WHAT YOU SHOULD DO:
The copy must match the data word for word and contain no pictures.
Start of Block
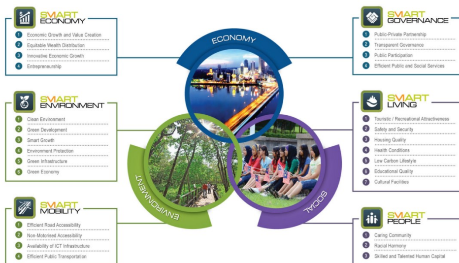
Figure 3: Smart City Iskandar Malaysia Framework

The total size of Iskandar Puteri is only 4% of Iskandar Malaysia's regional development area, but now it is one of the nation's most-recognised developments. Since Smart City Iskandar Malaysia Framework was introduced in 2012, it has become an added-value-enabler initiative to provide ease of doing business and improve the quality of community living in Iskandar Malaysia. There are six (6) Dimensions listed under three (3) focus areas (Economy, Environment and Social) with 28 Characteristics introduced (Figure 3):
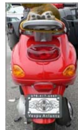
2 Wheeled MOG?
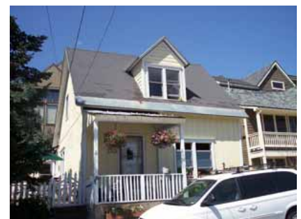
133 WOODSIDE AVENUE Significant Site Designated Feb. 4, 2009
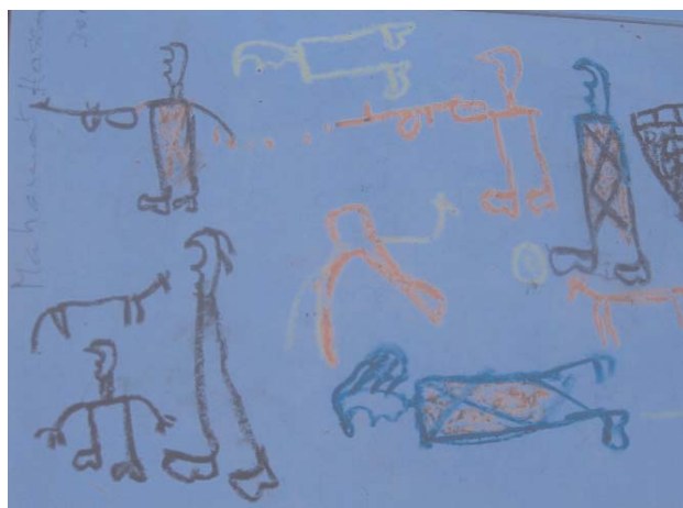
Children in Bredjing refugee camp drew pictures of what they saw in their villages in Darfur. Many of the pictures were similar to the one above.

CORD is developing a psychosocial program that begins by gathering youth to make traditional toys. After the children work for a few weeks on the toys, the program director begins to talk with the youth about their villages. She also shares stories of her life in her home town. The children then begin drawing pictures of their villages. The pictures contain images of planes dropping bombs, soldiers shooting people and fire. CORD
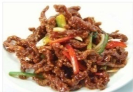
D005 Crispy Shredded Beef in Cantonese Sauce 西式炸牛柳丝 ¥ 9.50
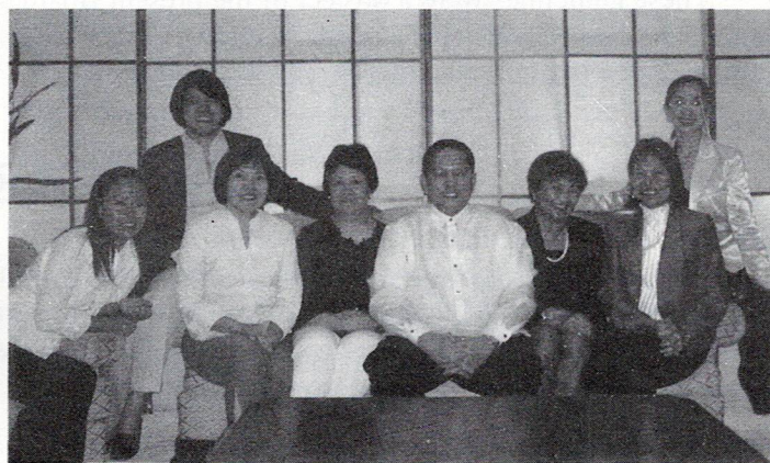
Outreach lecturers and some Cebu participants.
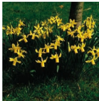
Narcissus Little Witch

Up to four perfect round yellow flowers with slightly deeper cups. A sure-fire winner and highly desirable. Excellent in pots or will naturalise.
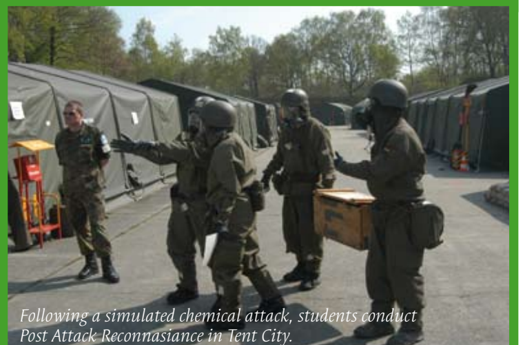
Following a simulated chemical attack, students conduct Post Attack Reconnaissance in Tent City.
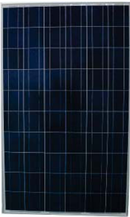
High Efficiency PV Modules
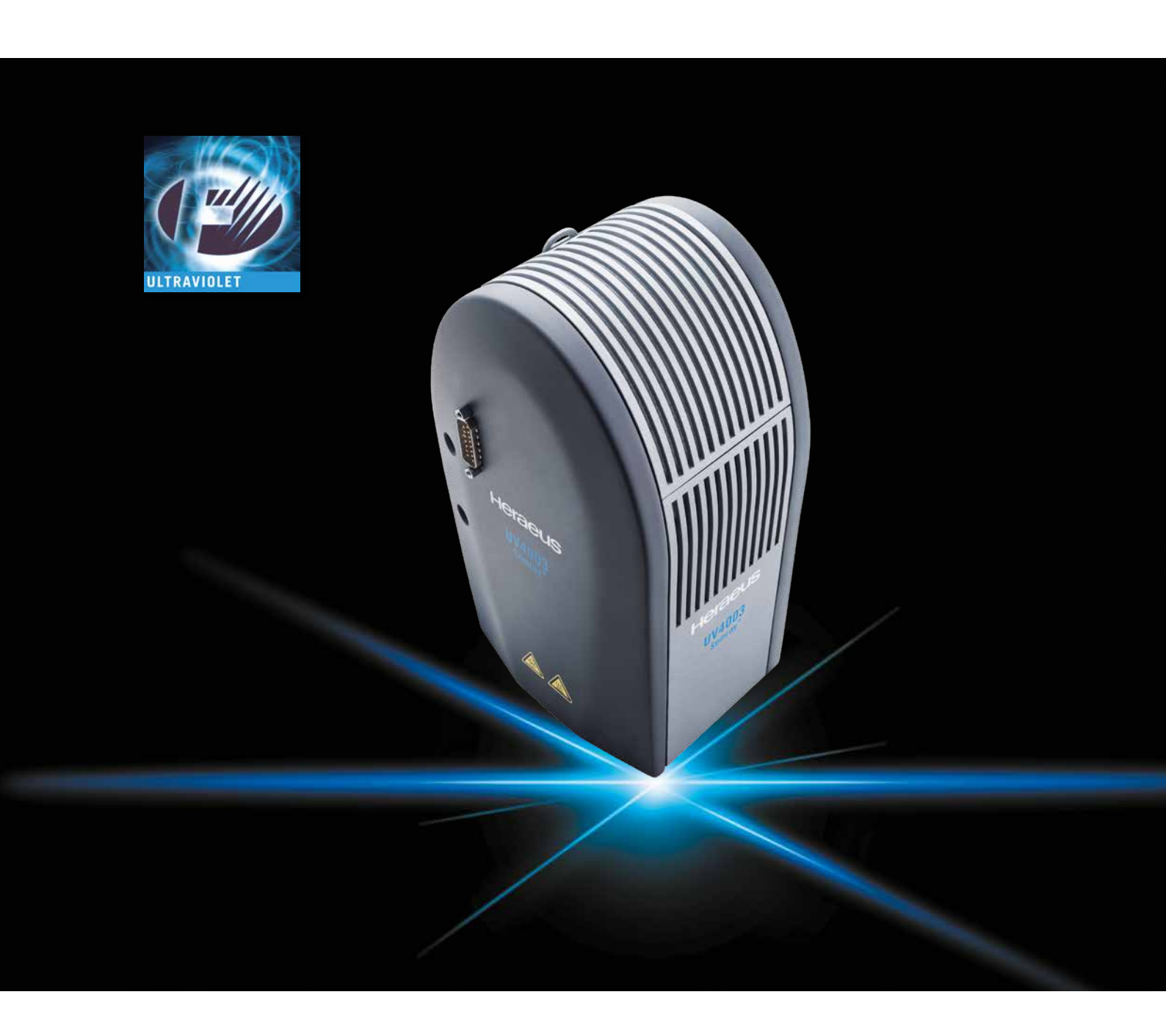
Semray ® The UV LED Plug & Play Revolution. Complexity made simple.
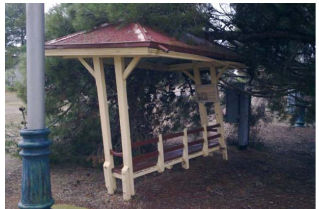
Unfortunately wild weather on Sunday 22 May 2011 caused a tree to fall on the old Children’s Hospital waiting shelter at the Museum. Ironically, tram operations on the day were unaffected.

Inclement weather and a white-ant-weakened tree saw the end of the waiting shelter on 22 May 2011. Like the inspector’s cabin, the shelter had suffered from lack of on-going maintenance over the years and proved no match for the large branch that split from a nearby tree. The collapsed pieces of the shelter have been removed to the back yard pending determination as to whether enough remains to allow it to be restored or whether it will only be suitable as a pattern for any replacement shelter.
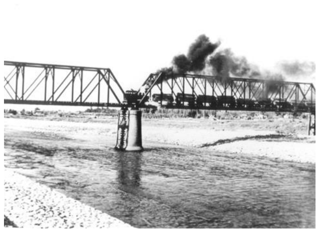
Diesel locomotive pulling railway cars with cedar logs across Nahari River in 1949
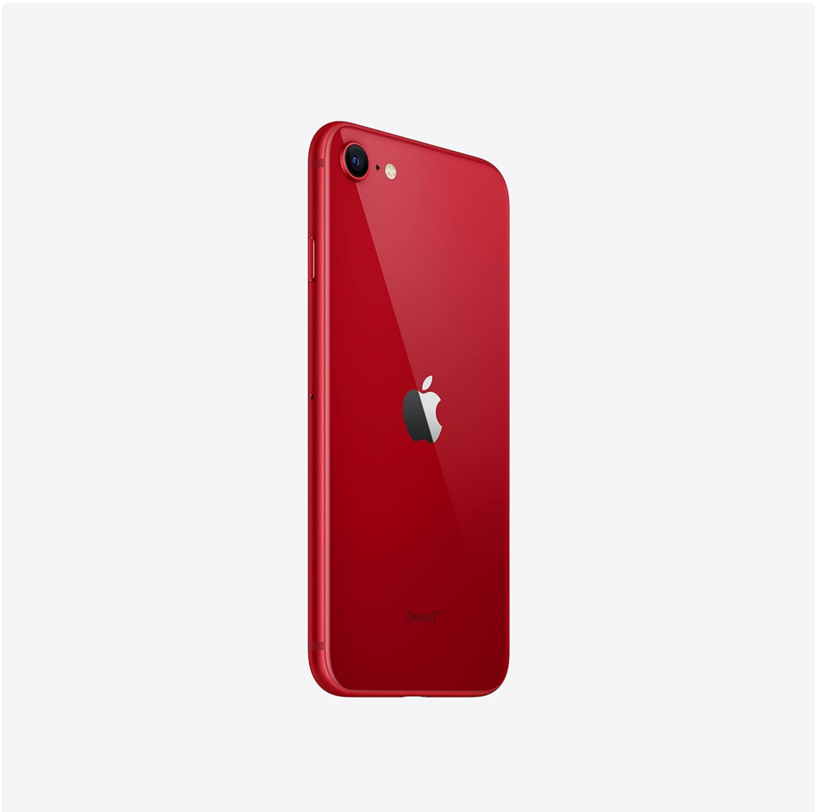
Figure 2: Side view of the iPhone SE 3rd Gen's right side, highlighting the SIM card slot and volume buttons.
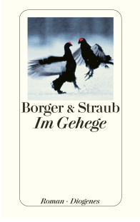
In the Ring 384 pages 2004
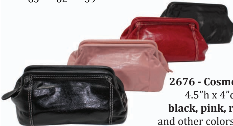
2676 - Cosmetic Case
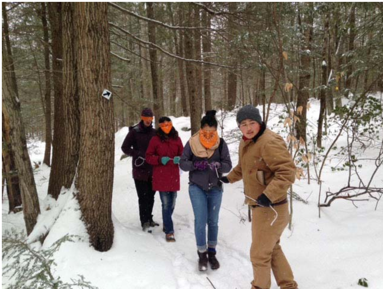
Image 7: Students from LSS 110J experiencing the landscape in a new way.
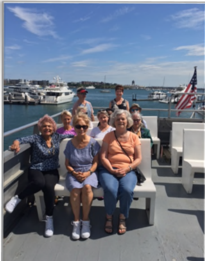
CAH members enjoying the ferry ride to the Peabody Essex Museum in Salem.

We want to send a warm welcome to our newest members!
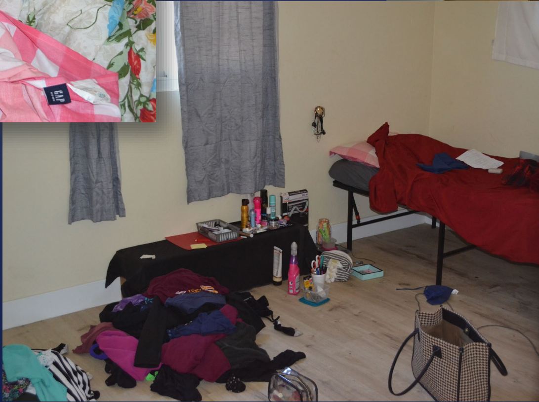
Sober Living Home Photos
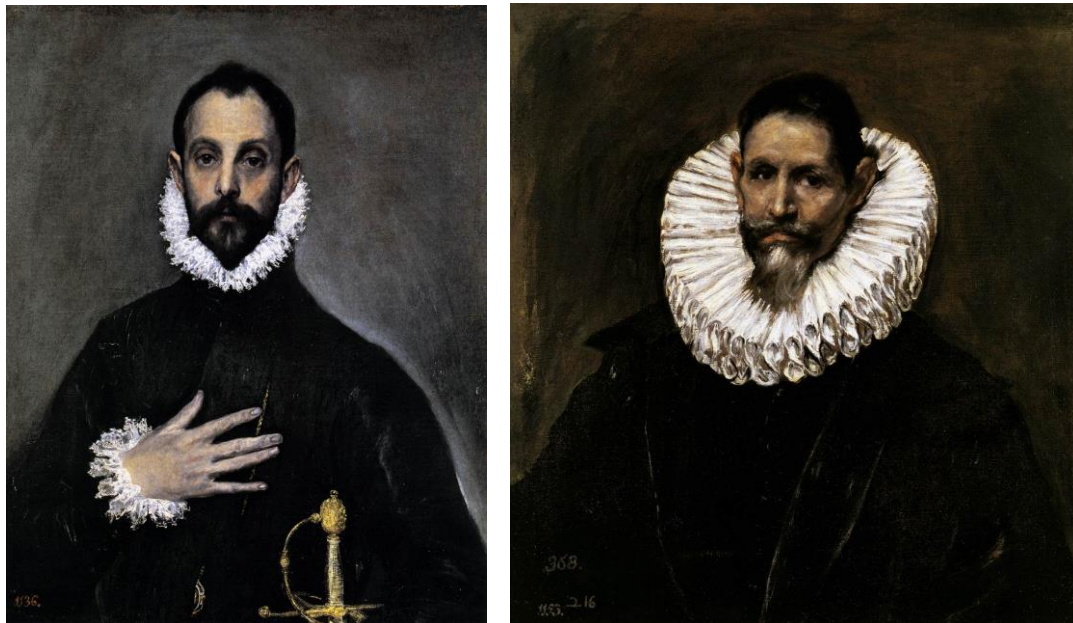
El Greco, Man with His Hand on His Breast , 1583-85, Museo del Prado, Madrid, Spain (left) El Greco, Jerónimo de Cevallos , c. 1610, Museo del Prado, Madrid, Spain (right)

swaying in the wind is a compositional element that can be seen in many works by mid-sixteenth-century Venetian artists, and it speaks of the influence he directly picked up in Venice before his arrival in Rome. This, along with the portrait's brushwork and its treatment of color express El Greco's personal ambition to fashion himself a Venetian-trained painter. The Farnese collection in Rome contained large numbers of paintings by Titian and other Venetian masters, 118 and the artist could have used this portrait as a means of aligning himself with the talents he had studied during his sojourn in Venice. 119
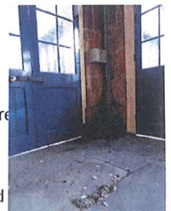
Suspiciously damp corners and cigarette

Phase II works have now been completed. The final phase involves internal works which include re-plastering the internal ceiling; a grant application for the re-plastering work has been submitted to English Heritage. Not everything is as fresh as it might be though, despite renovations the market area of the Buttercross is exposed to continual abuse as a make shift public convenience and littered with cigarette ends. Please let us have your suggested solutions to this anti-social behaviour.
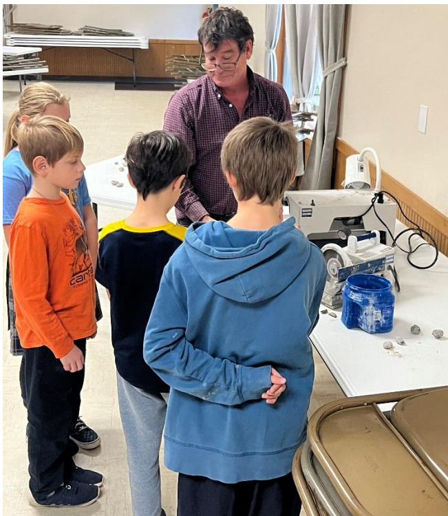
Pebble Pups learning lapidary skills.
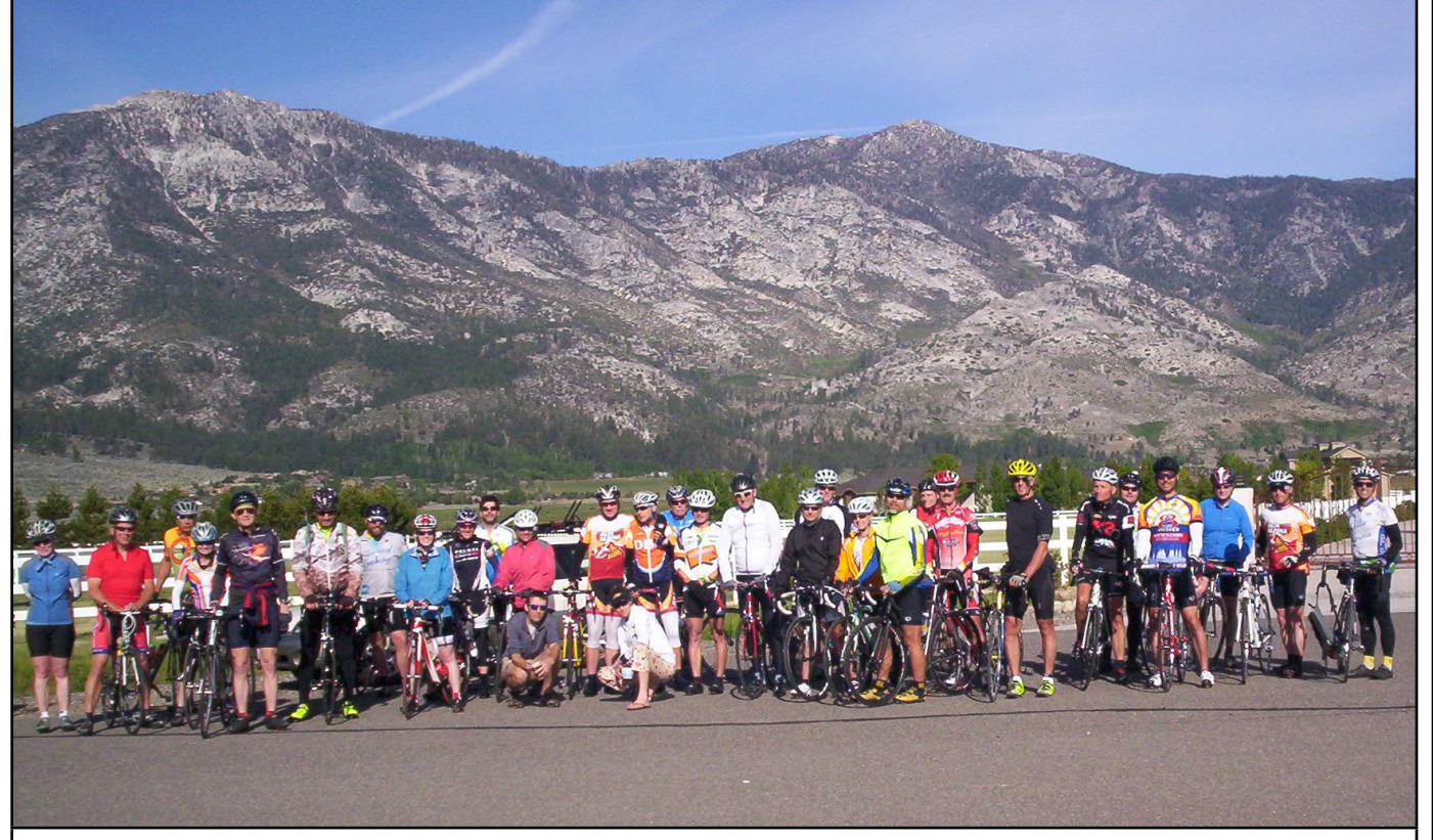
Start of the Spring Century
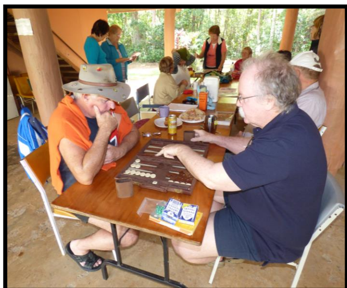
Guys at Backgammon

Sunday morning we had our first Ladies 'Craft Morning' and 'Board Games for the Men
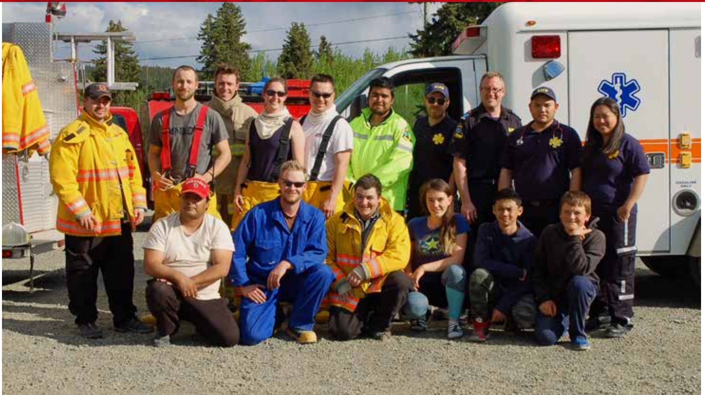
Joint Training held on May 30th with Teslin Fire Department, Teslin EMS and Teslin RCMP
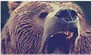
Fast Facts About North America That You Never
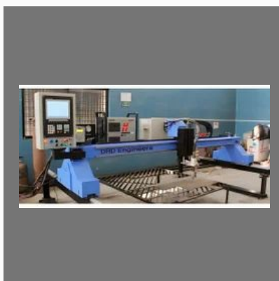
CNC Profile Cutting Machine
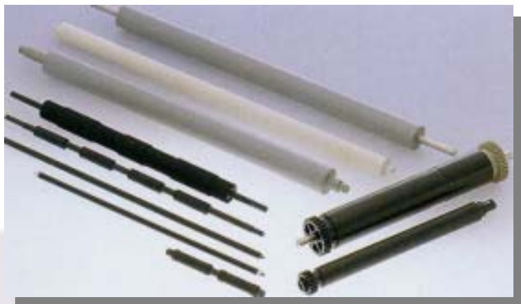
< Plastics Rollers for OA equipments >
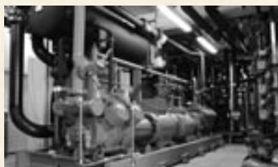
High efficiency heat pump system for a greenhouse for orchids
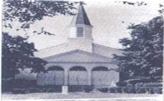
THOMAS BOYD 1948
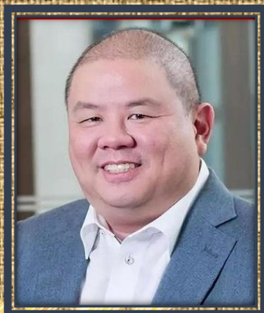
FRANCISCO P. TIU LAUREL, JR. DA Secretary Chairperson
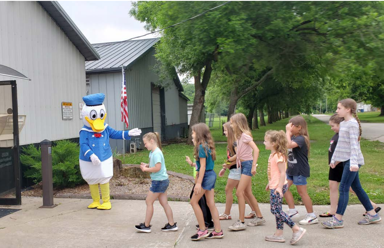
Library Summer Program.
End of Block
SOLUTION TO THIS PROBLEM:
Figure 3: Smart City Iskandar Malaysia Framework

The total size of Iskandar Puteri is only 4% of Iskandar Malaysia's regional development area, but now it is one of the nation's most-recognised developments. Since Smart City Iskandar Malaysia Framework was introduced in 2012, it has become an added-value-enabler initiative to provide ease of doing business and improve the quality of community living in Iskandar Malaysia. There are six (6) Dimensions listed under three (3) focus areas (Economy, Environment and Social) with 28 Characteristics introduced (Figure 3):
2 Wheeled MOG?
133 WOODSIDE AVENUE Significant Site Designated Feb. 4, 2009
Children in Bredjing refugee camp drew pictures of what they saw in their villages in Darfur. Many of the pictures were similar to the one above.

CORD is developing a psychosocial program that begins by gathering youth to make traditional toys. After the children work for a few weeks on the toys, the program director begins to talk with the youth about their villages. She also shares stories of her life in her home town. The children then begin drawing pictures of their villages. The pictures contain images of planes dropping bombs, soldiers shooting people and fire. CORD
D005 Crispy Shredded Beef in Cantonese Sauce 西式炸牛柳丝 ¥ 9.50
Outreach lecturers and some Cebu participants.
Narcissus Little Witch

Up to four perfect round yellow flowers with slightly deeper cups. A sure-fire winner and highly desirable. Excellent in pots or will naturalise.
Following a simulated chemical attack, students conduct Post Attack Reconnaissance in Tent City.
High Efficiency PV Modules
Semray ® The UV LED Plug & Play Revolution. Complexity made simple.
Unfortunately wild weather on Sunday 22 May 2011 caused a tree to fall on the old Children’s Hospital waiting shelter at the Museum. Ironically, tram operations on the day were unaffected.

Inclement weather and a white-ant-weakened tree saw the end of the waiting shelter on 22 May 2011. Like the inspector’s cabin, the shelter had suffered from lack of on-going maintenance over the years and proved no match for the large branch that split from a nearby tree. The collapsed pieces of the shelter have been removed to the back yard pending determination as to whether enough remains to allow it to be restored or whether it will only be suitable as a pattern for any replacement shelter.
Diesel locomotive pulling railway cars with cedar logs across Nahari River in 1949
Figure 2: Side view of the iPhone SE 3rd Gen's right side, highlighting the SIM card slot and volume buttons.
In the Ring 384 pages 2004
2676 - Cosmetic Case
Image 7: Students from LSS 110J experiencing the landscape in a new way.
CAH members enjoying the ferry ride to the Peabody Essex Museum in Salem.

We want to send a warm welcome to our newest members!
Sober Living Home Photos
El Greco, Man with His Hand on His Breast , 1583-85, Museo del Prado, Madrid, Spain (left) El Greco, Jerónimo de Cevallos , c. 1610, Museo del Prado, Madrid, Spain (right)

swaying in the wind is a compositional element that can be seen in many works by mid-sixteenth-century Venetian artists, and it speaks of the influence he directly picked up in Venice before his arrival in Rome. This, along with the portrait's brushwork and its treatment of color express El Greco's personal ambition to fashion himself a Venetian-trained painter. The Farnese collection in Rome contained large numbers of paintings by Titian and other Venetian masters, 118 and the artist could have used this portrait as a means of aligning himself with the talents he had studied during his sojourn in Venice. 119
Suspiciously damp corners and cigarette

Phase II works have now been completed. The final phase involves internal works which include re-plastering the internal ceiling; a grant application for the re-plastering work has been submitted to English Heritage. Not everything is as fresh as it might be though, despite renovations the market area of the Buttercross is exposed to continual abuse as a make shift public convenience and littered with cigarette ends. Please let us have your suggested solutions to this anti-social behaviour.
Pebble Pups learning lapidary skills.
Start of the Spring Century
Guys at Backgammon

Sunday morning we had our first Ladies 'Craft Morning' and 'Board Games for the Men
Joint Training held on May 30th with Teslin Fire Department, Teslin EMS and Teslin RCMP
Fast Facts About North America That You Never
CNC Profile Cutting Machine
< Plastics Rollers for OA equipments >
High efficiency heat pump system for a greenhouse for orchids
THOMAS BOYD 1948
FRANCISCO P. TIU LAUREL, JR. DA Secretary Chairperson
Library Summer Program.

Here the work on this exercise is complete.